**TASK STATEMENT**. The answer should hold only the lines from the beginning of the listing below to the line containing "在现任CEO纳德拉的领导下,微软云计算业", both included, with every picture left out.

Segment Start: PROVIDED DATA

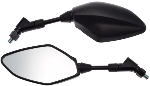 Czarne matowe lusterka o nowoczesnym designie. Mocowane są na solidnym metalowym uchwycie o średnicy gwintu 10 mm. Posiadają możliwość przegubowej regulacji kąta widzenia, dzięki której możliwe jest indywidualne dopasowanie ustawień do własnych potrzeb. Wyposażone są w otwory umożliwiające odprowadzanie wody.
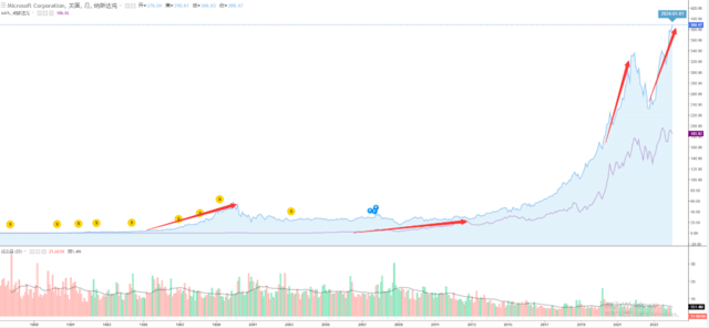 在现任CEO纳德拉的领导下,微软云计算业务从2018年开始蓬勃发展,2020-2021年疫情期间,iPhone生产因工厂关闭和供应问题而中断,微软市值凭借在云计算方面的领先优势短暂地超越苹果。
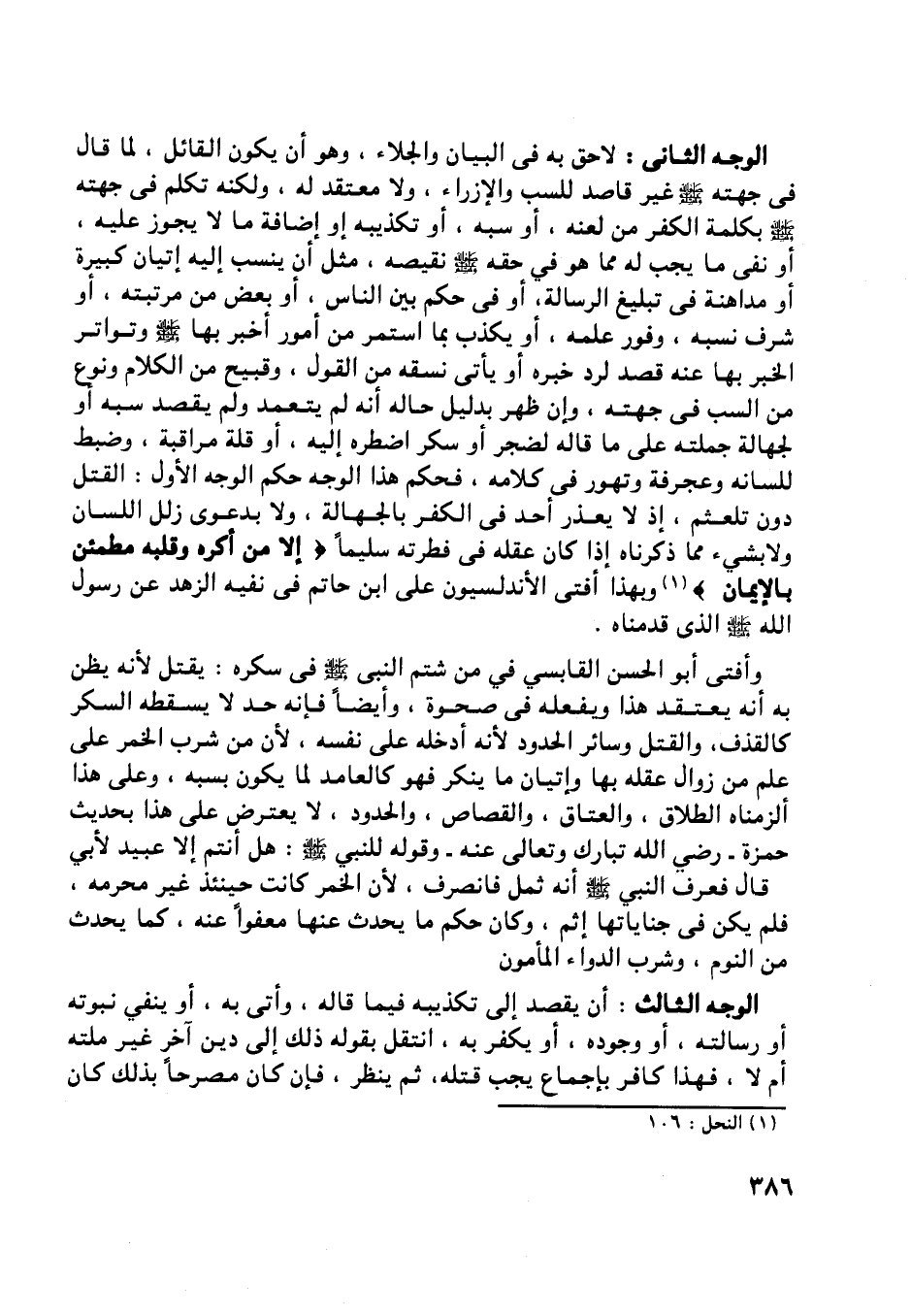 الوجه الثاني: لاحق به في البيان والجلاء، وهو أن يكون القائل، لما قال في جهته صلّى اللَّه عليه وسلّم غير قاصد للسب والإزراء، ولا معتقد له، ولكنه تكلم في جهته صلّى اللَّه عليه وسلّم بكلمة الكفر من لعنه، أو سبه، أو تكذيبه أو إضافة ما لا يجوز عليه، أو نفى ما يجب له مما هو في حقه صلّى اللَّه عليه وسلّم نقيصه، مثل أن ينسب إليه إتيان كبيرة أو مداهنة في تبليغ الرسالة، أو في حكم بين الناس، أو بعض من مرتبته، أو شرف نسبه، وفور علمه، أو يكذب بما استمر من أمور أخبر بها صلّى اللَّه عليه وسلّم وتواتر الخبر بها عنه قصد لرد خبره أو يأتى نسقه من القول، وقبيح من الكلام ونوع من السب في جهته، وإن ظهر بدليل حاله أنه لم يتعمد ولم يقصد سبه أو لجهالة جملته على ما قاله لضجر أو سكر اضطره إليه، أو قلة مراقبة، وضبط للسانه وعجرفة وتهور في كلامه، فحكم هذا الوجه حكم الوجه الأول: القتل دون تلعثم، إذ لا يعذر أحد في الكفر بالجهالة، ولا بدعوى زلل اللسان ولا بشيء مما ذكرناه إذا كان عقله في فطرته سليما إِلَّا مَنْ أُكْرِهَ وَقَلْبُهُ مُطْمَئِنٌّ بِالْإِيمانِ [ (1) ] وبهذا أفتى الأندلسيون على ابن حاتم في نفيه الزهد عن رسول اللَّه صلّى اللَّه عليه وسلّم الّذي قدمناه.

Segment End: PROVIDED DATA

**TASK OUTPUT**.
 Czarne matowe lusterka o nowoczesnym designie. Mocowane są na solidnym metalowym uchwycie o średnicy gwintu 10 mm. Posiadają możliwość przegubowej regulacji kąta widzenia, dzięki której możliwe jest indywidualne dopasowanie ustawień do własnych potrzeb. Wyposażone są w otwory umożliwiające odprowadzanie wody.
 在现任CEO纳德拉的领导下,微软云计算业务从2018年开始蓬勃发展,2020-2021年疫情期间,iPhone生产因工厂关闭和供应问题而中断,微软市值凭借在云计算方面的领先优势短暂地超越苹果。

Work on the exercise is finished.